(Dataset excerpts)
◇ ◇ ◇ ◇ ◇

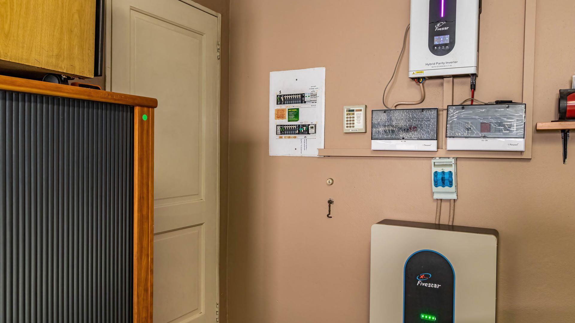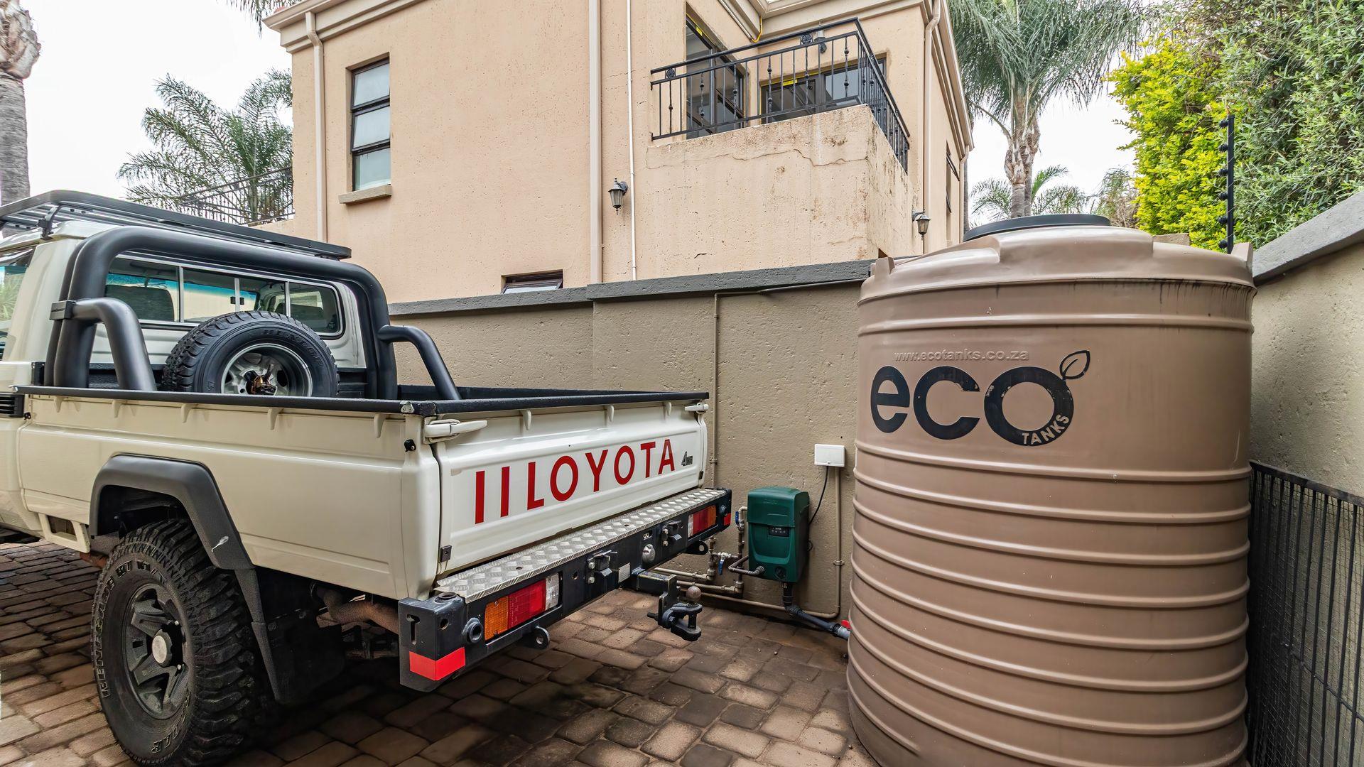 Practicality meets luxury with a double garage offering direct access into the home, along with two additional open parking spaces for a trailer or extra vehicle behind a secure gate and two more open parking spots in front of the garages. A single staff quarter is also available, though it lacks a shower.
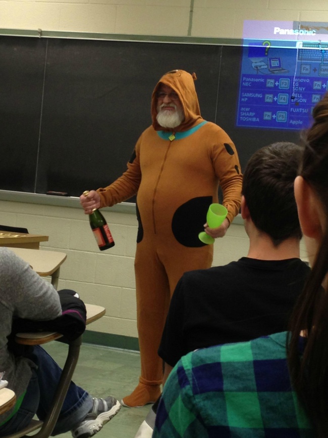 Don't settle for candy if you want to congratulate your students... This guy promised to dress up as Scooby Doo and offer everyone a glass of champagne if they all got A's for their homework... What better way to motivate a class?
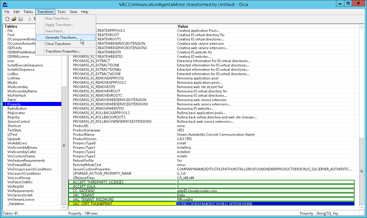 - VAC_CERT_THUMBPRINT — thumbprint of a certificate that is installed on the Veeam Service Provider Console server, and used to secure traffic between the service provider and clients.
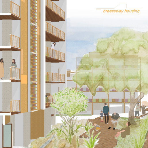 Breezeway Housing emulates a housing development that is socially sustaining for communities and that protects and promotes natural environments as part of Brisbane’s subtropical identity. It presents a counter-position to the current conventional default of high-rise concrete towers spreading through the inner city, overshadowing streets, blocking views, and further diminishing the remaining fragments of the city’s green spaces.
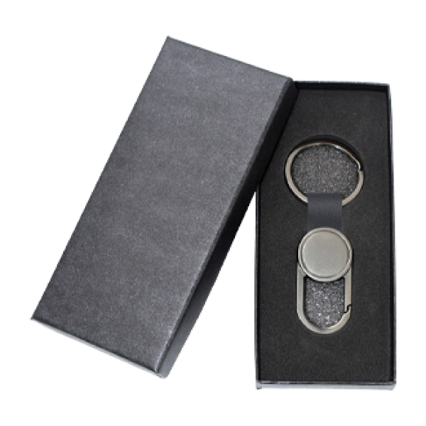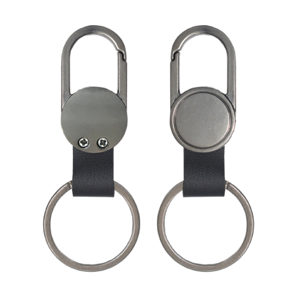 The Creative Leather Keychain is a stylish waist-hanging key holder with a metal key ring, ideal for party favors or gifts. It measures 90 × 23 mm and can be customized with screen printing or engraving.
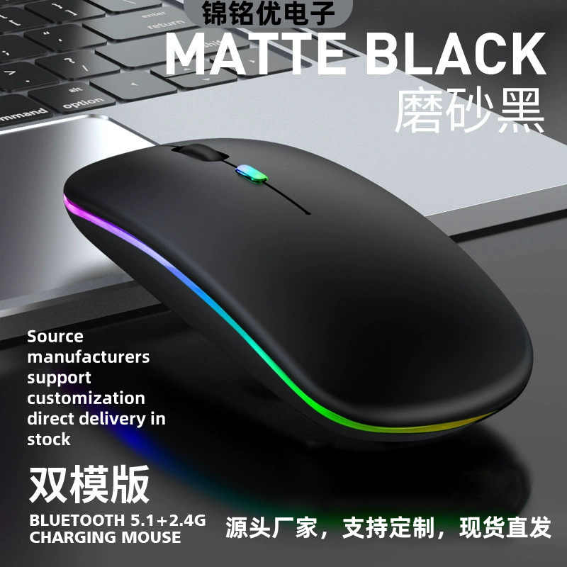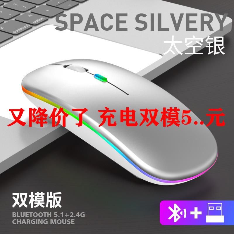 新しいbluetooth二重モード充電マウス5.0静音無声ノートゲーム女子2.4g無線マウス発光
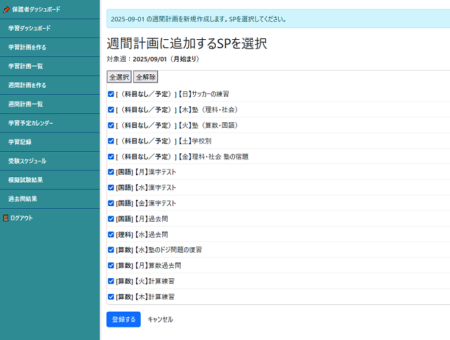 学習計画でつくった内容がそのまま提示されています。すでに全選択されていますが、入れないと思うものがあれば、チェックを外してください。その上で「登録する」ボタンを押してください。
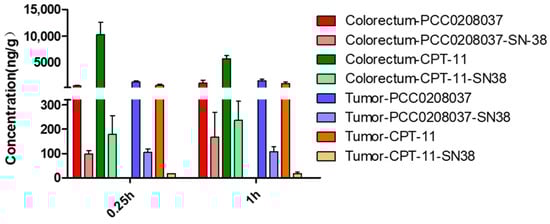 The tissue distribution of PCC0208037 in mice. The colorectum and tumor concentrations of PCC0208037 and its major metabolite, SN-38, in LS180 xenograft tumor mice. The data were expressed as the mean ± SD (n = 3).
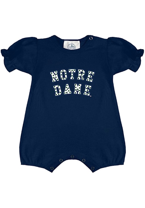 Your future Fighting Irish fan will look cute in this Notre Dame Fighting Irish Baby Navy Blue Bubble One Piece! This Fighting Irish Romper features a mascot embroidery on center chest.
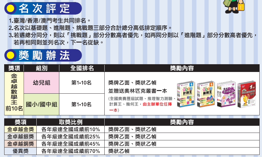 | 金卓越數學王 | 課內知識檢定 | 選擇題 | 40 | 1~20題每題三分 21~30題每題四分 31~40題每題五分 | 08:15~09:15 (60分鐘) | 150 |

◇ ◇ ◇ ◇ ◇

▸ **REQUIREMENT**
Exercise for the records above: copy only the lines from the one with "Don't settle for" to the one with "Breezeway Housing emulates", both ends kept, and drop the pictures.

▸ **YOUR SOLUTION**
 Don't settle for candy if you want to congratulate your students... This guy promised to dress up as Scooby Doo and offer everyone a glass of champagne if they all got A's for their homework... What better way to motivate a class?
 - VAC_CERT_THUMBPRINT — thumbprint of a certificate that is installed on the Veeam Service Provider Console server, and used to secure traffic between the service provider and clients.
 Breezeway Housing emulates a housing development that is socially sustaining for communities and that protects and promotes natural environments as part of Brisbane’s subtropical identity. It presents a counter-position to the current conventional default of high-rise concrete towers spreading through the inner city, overshadowing streets, blocking views, and further diminishing the remaining fragments of the city’s green spaces.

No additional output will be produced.